Actually, I'd love it if properties were more reasonable. I am not the County Assessor, who has the property assessed for over asking price. The taxes reflect the Assessor's Value, too. The price is below Appraisal Value. The Bank loaned on this property, with an Appraisal at almost $600,000. This meant there had to be (3) Like Properties that sold within 6 months of the property being financed, very close to, for use as comparables. It is important, I think, for those thinking I actually am the one who priced this property. My job is to work hard for my Clients and I do.

I just loved the statement made by Karen, our Moderator, "We some times forget that land/home prices are entirely different from what we're use to in our corner of the world. It's like comparing apples to giant sequoia trees! 

Yes, there are a lot of very cool people on this Site!!! I gotta tell you, though? I am a very thick skinned lady, so do find some of the comments amusing. It would take a lot more to get a real rise out of me LOL! Guess you didn't try hard enough and I do think you are all witty enough to rise to that challenge.
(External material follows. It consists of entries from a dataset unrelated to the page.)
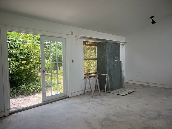 Beautiful artists studio with bank of northern light windows, skylights, and 20 foot ceilings. Perfect for visual artists, writers, and dancers. Set in a private garden in Flamingo Park neighborhood.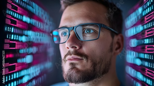 The watermark will not be included on Wall mural.: Focused programmer studying binary code on screen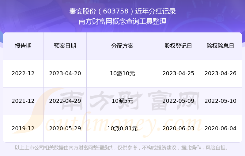 秦安股份最新一次公布的分紅方案為10派10元。本次權(quán)益分派股權(quán)登記日為2023年4月25日,除權(quán)除息日為2023年4月26日,派息日為2023年4月26日。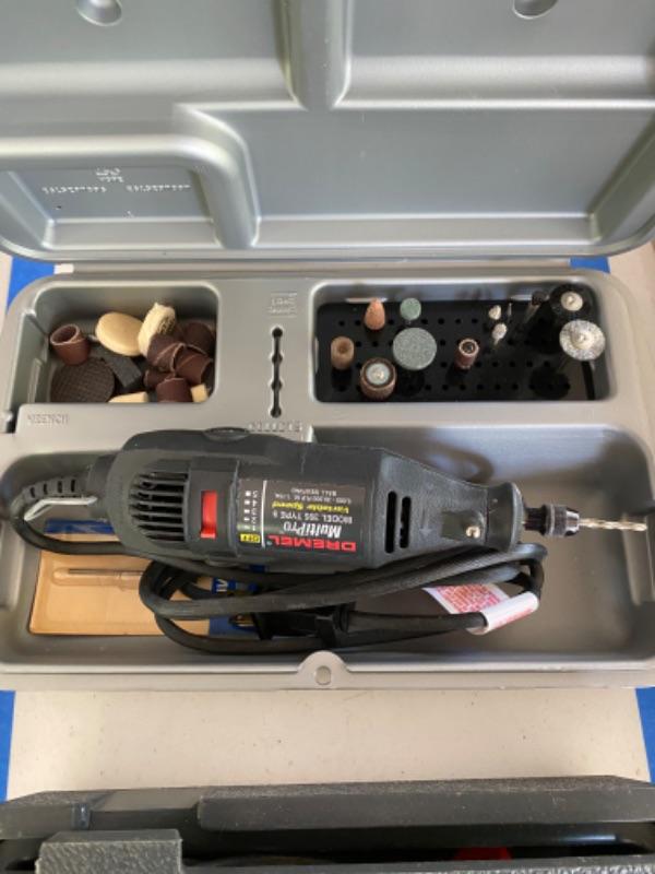 Dremel variable speed moto-tool model 380-5 with attachments. Dremel multipro variable speed model 395 type 5 with attachments Dremel moto-sander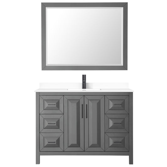 Daria 48" Single Vanity in Dark Gray, Top, Square Matte Black Trim, 46" Mirror
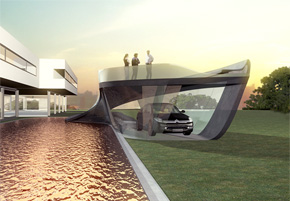 Reflecting the technical finesse of the Citroën C6, the multi-functional garage not only makes a bold, spatial statement, its tectonic design provides the owner with a useable roof terrace and a unique 'man-made landscape' to adjoin their home.
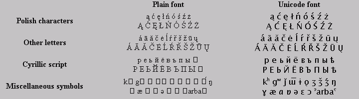 | Plain font | Unicode font | |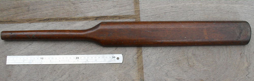 Might be Mahogany... Do you notice that on the 'face' of the cricket bat shape, it has two faces and a central ridge that runs right up to the top of the handle? That was what decided me that it wasn't a kids cricket bat. :shrug: |

Sorry, won't give you hints to how high up that bar is set. 

Chickens? Love the names & bring on those Christian ones! I have a real brave Hen who sauntered up to my husband, who was chopping wood, and she began gobbling those bugs as fast as she could. I couldn't believe she ended up right at his feet. The other chickens kept their distance until he was done. Yes, this was a great photo moment. Yep, got a few of 'em.

Where I live? We have millionaires living next to rather low income families. Our friends are a mixture of homesteaders, business owners, retirees, blue collar workers, professionals, and greatly differing levels of education, a complete mixture of financial means (a few are millionaires, but I don't measure people by their monetary worth). These are incredible people! I am grateful to have very single one of them in my life.
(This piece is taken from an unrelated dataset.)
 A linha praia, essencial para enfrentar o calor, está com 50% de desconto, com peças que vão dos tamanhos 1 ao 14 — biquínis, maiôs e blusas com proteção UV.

On this site, I think the Community View can become myopic for some. There are potential buyers for Real Estate in different parts of the Country who can well afford this property, and here is a secret...they read this Site, too! We come from all different walks of life, means, education, and experience.

All I can end with is WOW, have I ever met the most incredible people on here. It has been so rewarding!
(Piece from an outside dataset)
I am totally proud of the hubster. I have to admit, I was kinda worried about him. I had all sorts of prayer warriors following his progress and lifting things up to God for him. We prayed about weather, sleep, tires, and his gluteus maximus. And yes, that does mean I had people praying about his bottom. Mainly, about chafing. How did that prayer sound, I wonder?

Blessings and Have a Great Day!!!


----------



## prairiedog (Jan 18, 2007)

I'm from the area originally now in KS and can tell you this is a good deal up there


----------



## beowoulf90 (Jan 13, 2004)

If it's a good deal I hope someone takes it..

But it is wwwaaayyy out of our price range.. With only making about $38,000 a year and even if we sold the 20.97 acres we have now, we couldn't afford it... Unless they pay better in Washington, then they do in PA.. 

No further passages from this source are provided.